#### EXERCISE:
Repeat precisely the line in which "drezdai zenélő fal" occurs and all lines that follow it in the entries below. Pictures must be omitted.

Records from a data source:
______________________________
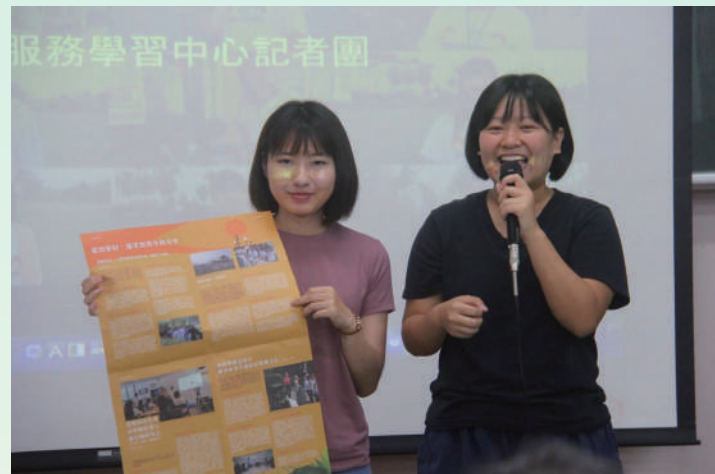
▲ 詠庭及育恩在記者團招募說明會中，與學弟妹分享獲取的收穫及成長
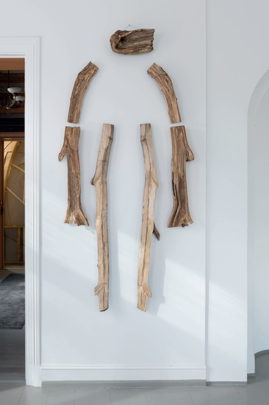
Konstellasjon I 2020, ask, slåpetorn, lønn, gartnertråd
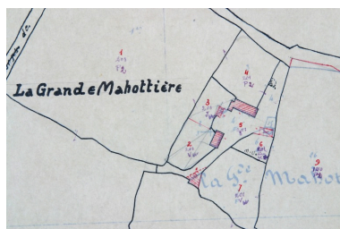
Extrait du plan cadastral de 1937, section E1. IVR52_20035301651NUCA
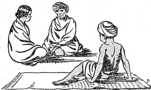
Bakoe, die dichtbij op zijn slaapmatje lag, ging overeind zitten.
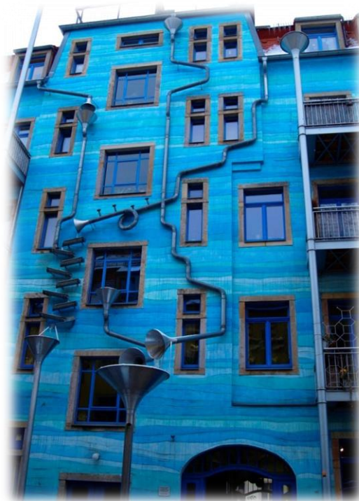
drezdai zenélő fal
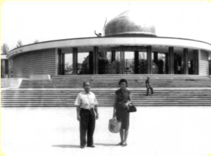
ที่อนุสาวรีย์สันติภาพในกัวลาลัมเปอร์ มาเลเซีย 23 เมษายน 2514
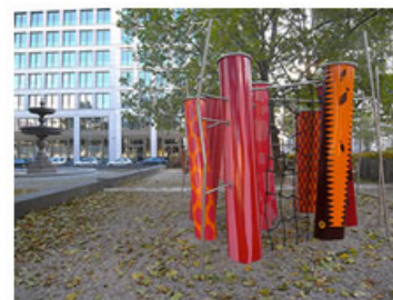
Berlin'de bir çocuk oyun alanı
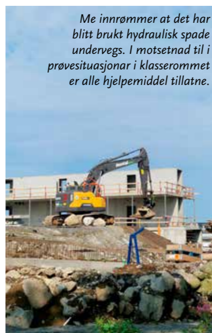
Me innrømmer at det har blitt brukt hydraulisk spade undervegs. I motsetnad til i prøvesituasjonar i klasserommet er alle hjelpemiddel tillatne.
______________________________
#### TASK RESPONSE:
drezdai zenélő fal
ที่อนุสาวรีย์สันติภาพในกัวลาลัมเปอร์ มาเลเซีย 23 เมษายน 2514
Berlin'de bir çocuk oyun alanı
Me innrømmer at det har blitt brukt hydraulisk spade undervegs. I motsetnad til i prøvesituasjonar i klasserommet er alle hjelpemiddel tillatne.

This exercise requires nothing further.